[Date Prev][Date Next][Thread Prev][Thread Next][Date Index][Thread Index]

Y combinator derivation (long)



Hello world.  Someone recently requested information about deriving the
applicative-order Y-combinator from scratch, so I thought I would post a
derivation of it in Scheme.  The following derivation is similar in flavor
to the derivation found in "The Little LISPer" by Friedman/Felleisen, but
uses a slightly different starting approach (for one thing, I begin with
the "length" function).  Maybe this version will be a little easier to
follow (maybe not, who knows?).  Enjoy...

Step 0...  We wish to write the recursive function "length" without
having to give it a name.  Then we could invoke it on a list as follows:

((lambda (l)
   (if (null? l)
       0
       (add1 (??? (cdr l)))))
 '(any old list you like))

The problem, of course, is that we can't plug in the function
expression itself directly in place of the ??? because that
immediately leads to an infinite regress.  It's like trying to quote
an entire sentence inside the sentence itself.

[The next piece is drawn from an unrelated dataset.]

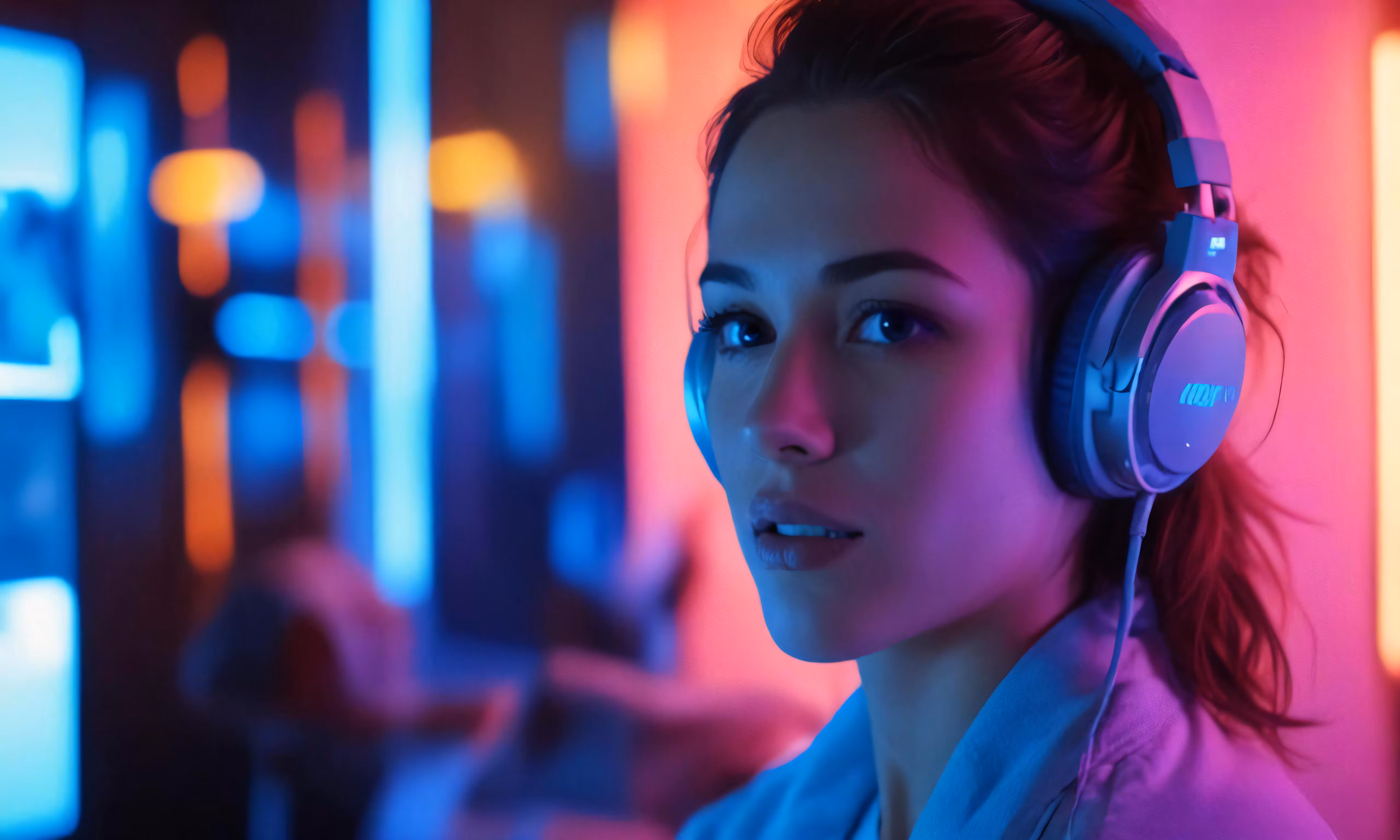 High resolution picture, free to use, a girl in a neon colored room wearing headphones

----------------------------------------------------------------------

Step 1...  This is the _only_ step in the entire derivation that
requires any real thought.  We can get around the above problem by
passing in a _copy_ of the length function as an extra argument and
then using _that_ in place of the ???.  But we must ensure that the
copy of our function looks _exactly_ like the function itself at all
times.  WE WILL ADHERE TO THIS REQUIREMENT IN EVERY STEP THAT FOLLOWS.
Notice that since f is a copy of the function, and the function takes
a copy of itself as a second argument, we must also pass f to f (as a
second argument).  Passing a copy of the function to itself is the
whole secret of the Y-combinator.  The following expression will
evaluate to 5 (the length of the example list):

((lambda (l f)
   (if (null? l)
       0
       (add1 (f (cdr l) f))))
 '(any old list you like)
 (lambda (l f)
   (if (null? l)
       0
       (add1 (f (cdr l) f)))))

------------------------------------------------------------------------

Step 2...  We just switch the order of the function arguments, l and
f.  "(f (cdr l) f)" changes to "(f f (cdr l))", and the arguments to
the top-level invocation also switch places:

((lambda (f l)
   (if (null? l)
       0
       (add1 (f f (cdr l)))))
 (lambda (f l)
   (if (null? l)
       0
       (add1 (f f (cdr l)))))
 '(any old list you like))

------------------------------------------------------------------------

Step 3...  We simply curry the function so that it takes its two
arguments one at a time.  Note the extra set of ()'s around the
top-level invocation as well.  This expression still evaluates to 5:

(((lambda (f)
    (lambda (l)
      (if (null? l)
	  0
	  (add1 ((f f) (cdr l))))))
  (lambda (f)
    (lambda (l)
      (if (null? l)
	  0
	  (add1 ((f f) (cdr l)))))))
 '(any old list you like))

-------------------------------------------------------------------------

Step 4...  The above expression is now of the form
"(<function> '(any old list you like))", where <function> is now a
self-contained recursive version of "length", although still in a
clumsy form.  We can forget about '(any old list you like) for the
remainder of the derivation and concentrate on just the <function>
part, since that's what we're interested in.  So here it is by itself:

((lambda (f)
   (lambda (l)
     (if (null? l)
	 0
	 (add1 ((f f) (cdr l))))))
 (lambda (f)
   (lambda (l)
     (if (null? l)
	 0
	 (add1 ((f f) (cdr l)))))))

-------------------------------------------------------------------------

Step 5...  Notice that in the above expression (f f) returns a
function which gets applied to (cdr l).  In the same way that the add1
function is equivalent to the function (lambda (a) (add1 a)), the
"(f f) function" is equivalent to the function (lambda (a) ((f f) a)).
[This is just an inverse eta step to you lambda-calculus pros out
there].  This step is necessary to avoid infinite loops, since we're
assuming applicative order (i.e, Scheme).

((lambda (f)
   (lambda (l)
     (if (null? l)
	 0
	 (add1 ((lambda (a) ((f f) a)) (cdr l))))))
 (lambda (f)
   (lambda (l)
     (if (null? l)
	 0
	 (add1 ((lambda (a) ((f f) a)) (cdr l)))))))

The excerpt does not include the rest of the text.